In general, I'm no conspiracy theorist. I do think there's strong evidence that Gore would have won the election in 2000 were it not for a coordinated strategy in Florida of denial of ballot access by Bush supporters which was augmented by the butterfly ballot fiasco. I think there is some evidence that denial of access and/or corrupted/broken voting tabulation swung the outcome of the 2004 presidential election in Ohio, although it seems ambiguous to me. But I tend to believe that these are isolated actions and that there was not a top-down effort to steal the presidential election in either year.
That said, events of the last few days have me carefully looking over the election equipment status in key swing states, and worrying that chicanery in Virginia or Florida or Jefferson/Arapahoe counties in Colorado will end up being the deciding factor in this election. The reason for my worry is that I posed a simple question to myself: if I were in charge of a "vast right-wing conspiracy", and I was planning on stealing this election, how would I go about it?
The answer breaks down into three parts:
1) Generate enough FUD* about Obama to keep things close.
that's "Fear, Uncertainty, and Doubt, for those not down on the lingo.
This is certainly what's going on right now. I'm accustomed to the McCain camp sending out lie after lie about Obama, such as the constant refrain that he will raise everyone's taxes. After all, if they're lying about McCain's and Palin's records, why not lie about your opponent as well?
That said, McCain's latest ad left me in something of a state of shock (and led to me immediately donating money). It's one thing to lie about someone's record. It's another thing to falsely state that he wants to teach sex ed to kindergartners. It's still another altogether to so blatantly play the race card by juxtaposing Obama's face against little white kids while printing the word "sex" on the screen. It's not hyperbole at all when Josh Marshall states, "John McCain is running the sleaziest, most dishonest and race-baiting campaign of our lifetimes".
It puts the Obama campaign in a tough spot, because they want to stay on message, which basically involves stapling McCain to Bush and talking about the economy, but they have to respond to this crap as well. Fortunately, the media seems to be slowly souring on McCain's lies, so it's not as much of a two-front war.
2) Twist the polls so that it looks like you might win.
Because if you win from 10 points down, it looks VERY suspicious. If you win from 2 points down, then hey, the polls were a little off, so no big deal.

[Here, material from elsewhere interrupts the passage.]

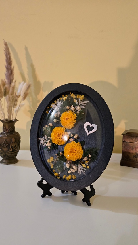 - Material: rama ovala din lemn, sticla acril bombata, flori, flori naturale criogenate

This is the part that really got me thinking lately. You've probably heard of the recent polls that show McCain moving into a small lead over Obama. Now, you may pass those off as a convention bounce. But what you may not know is that those polls had EXTREMELY suspicious partisan ID breakdowns. In other words, despite overwhelming evidence that Democrats outnumber Republicans this year by a very large margin, those results were based on pools of responders that were roughly equally Democratic and Republican. In other words, those polls are almost meaningless.
I've thought throughout the general election season that the polls have understated Obama's support, due to Obama's historic efforts to register voters who are not considered "likely voters" by the polling models. But these polls go far beyond that, and actually tilt things away from what has been considered the baseline for polling so far this year. They're exactly the sort of polls you would create if you were trying to generate a false level of confidence that McCain might win.
I want to emphasize that I have absolutely zero evidence that Gallup, CBS, et. al. were influenced by an outside source to twist their polling results. That said, of course there are people at those polling places who have their own biases. Moreover, any large media conglomerate has an incentive to make their poll results surprising and new, because it gives them a narrative to work with.
3) Actually steal the election through vote-adding or vote-removing.
This is the obvious necessary final step to stealing an election. The interesting/worrisome thing is that despite the controversies of 2000 and 2004, there are still plenty of places where voting systems are vulnerable/questionable. Ohio, which has switched to Democratic executive control, has cleaned up its act fairly well. Every county in the state either uses paper ballots or has a voter-verified paper trail for all digitally recorded votes. Pennsylvania is a potential recount nightmare, but if Pennsylvania is the swing state than Obama's already lost anyway.
The real concerns this time around are Virginia, Colorado, and our old friend Florida. Virginia is in terrible shape, with many counties using nothing but touchscreens that don't produce a paper trail. If Virginia stays "too close to call" deep into the night, don't get your hopes up. Colorado is mostly in good shape, except for two counties, Arapahoe and Jefferson counties. This sounds OK unless you realize that those two counties contain most of the Denver suburbs and account for over a fifth of the state's population. Florida does appear to be offering paper optical scan ballots in every county, but they are also using touchscreen voting that lacks a paper trail. A word of advice to any Democratic voters in Florida - insist on a paper ballot.
Anyway, I hope none of this makes me a tinfoil-hat-wearing conspiracy nut. I'm not necessarily trying to argue that there is an overarching strategy underway to steal the election. What I am arguing is that some of the groundwork for election-day dirty tricks is right there in front of us.